WHEN the coronavirus pandemic took hold and forced the vast majority of fighters to take a break from training, two young Irish brothers went to work on each other at the bottom of their garden.
“We’ve taken full advantage of lockdown,” 23-year-old super-lightweight Stevie McKenna told Boxing News about the sparring he’s enjoyed with his little bro, Aaron McKenna. “Where other fighters were struggling to train, we took advantage and have trained two or three times a day. We’ve not missed a session.”
Super-welterweight Aaron, who is 10-0 (6) and promoted by Golden Boy Promotions, added: “Nowadays it’s more technical sparring but it would always get heated when we were younger. My father would always have to tell us to cool it.”
Their father is Fergal McKenna. Years ago, he took his young sons, including third brother Gary, to Monaghan’s Smithboro Boxing Club which once honed the talents of a burgeoning Barry McGuigan. Fergal watched proudly as the trio developed a taste for the noble art and won under-14 national titles.
Within a few years, he was head coach at the club. Renamed Old School Boxing Club after a €35,000 Credit Union loan paid for renovations, the gym grew again into one of the most successful in Ireland.
Not content with that, Fergal turned the shed at the rear of his home into a fully equipped gym. He even put the old ring used by the likes of McGuigan and Rinty Monaghan from the Smithboro Club inside it.

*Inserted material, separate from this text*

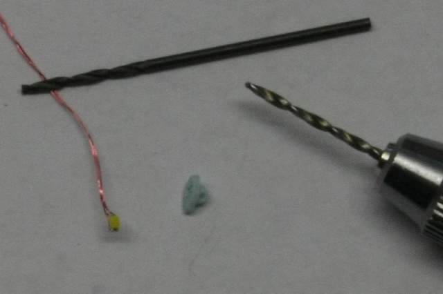 Verwendet habe ich die Startnummernbeleuchtung von einem Fujimi Ford GT40. Dies ist das blaue Knuppelchen in der Mitte des Bildes. In diesem sieht man schon die Loecher, welche ich gebohrt habe. Erst ein 1,2mm grosses Loch von unten und dann ein 0,9mm grosses Loch von der Seite.

The story continued at pace. Aaron, initially recognised as the most talented of the brothers, was scouted by Sheer Management in 2015. Within two years, Fergal and Aaron were based in Los Angeles before being joined by Stevie in 2018. Gary, meanwhile, became a PE teacher.
In February this year it was announced that Aaron and Stevie would be trained by Freddie Roach at the famous Wildcard Gym. They plan to return when the current situation eases.
“I’ve known Freddie since I was 16 and I first sparred in the Wild Card,” explained Aaron. “I enjoy it in America. I’m very lucky to be trained by Freddie Roach. Not many boxers get that opportunity.”
Both brothers have been blessed with sharing the ring with formidable talent. Last week, Barry McGuigan was on hand to watch over Aaron sparring with Anthony Fowler at the McGuigan’s Gym in London.
“It was cracking sparring, Anthony is a really good fighter,” 21-year-old Aaron reported. “It was special to get Barry’s advice too because we come from the same amateur gym. I’ll be taking that advice with me. He told me to sit down more on my punches but it’s someone else to learn from – that’s the important thing for me now, learning.”
Stevie, 4-0 (4), can boast of an even better experience.
“There’s no doubt that Vasyl Lomachenko is the best I’ve shared a ring with,” he said of their sparring sessions. “He’s clever and naturally so gifted. But I more than held my own with him and that was before I’d even had my first professional fight.
“He didn’t say a lot afterwards except ‘Great work’.”
The brothers are consumed by boxing. It’s the last thing they think about at night and dominates their mind upon waking. In between, they dream of winning world titles and defending them on the same bill in Ireland.
“Like Aaron, I’m 100 per cent committed to boxing,” Stevie said with an audible smile. “We don’t do much else besides train, box or watch boxing. I’ve been doing it since I was eight years old. We do a bit of fishing too but it always comes back to boxing.”
The boxing brothers are lucky in many ways. Not least that in this new world finding its feet in the face of a pandemic they have each other to learn from. The respect between the brothers is striking but the sibling rivalry will always remain. “The sparring sessions never end in tears but sometimes they end in blood! We’re always trying to beat each other in whatever we do. Whether it’s sparring or running, we’re always want to come out on top,” chuckled Stevie before adding, “but we do get on really well.”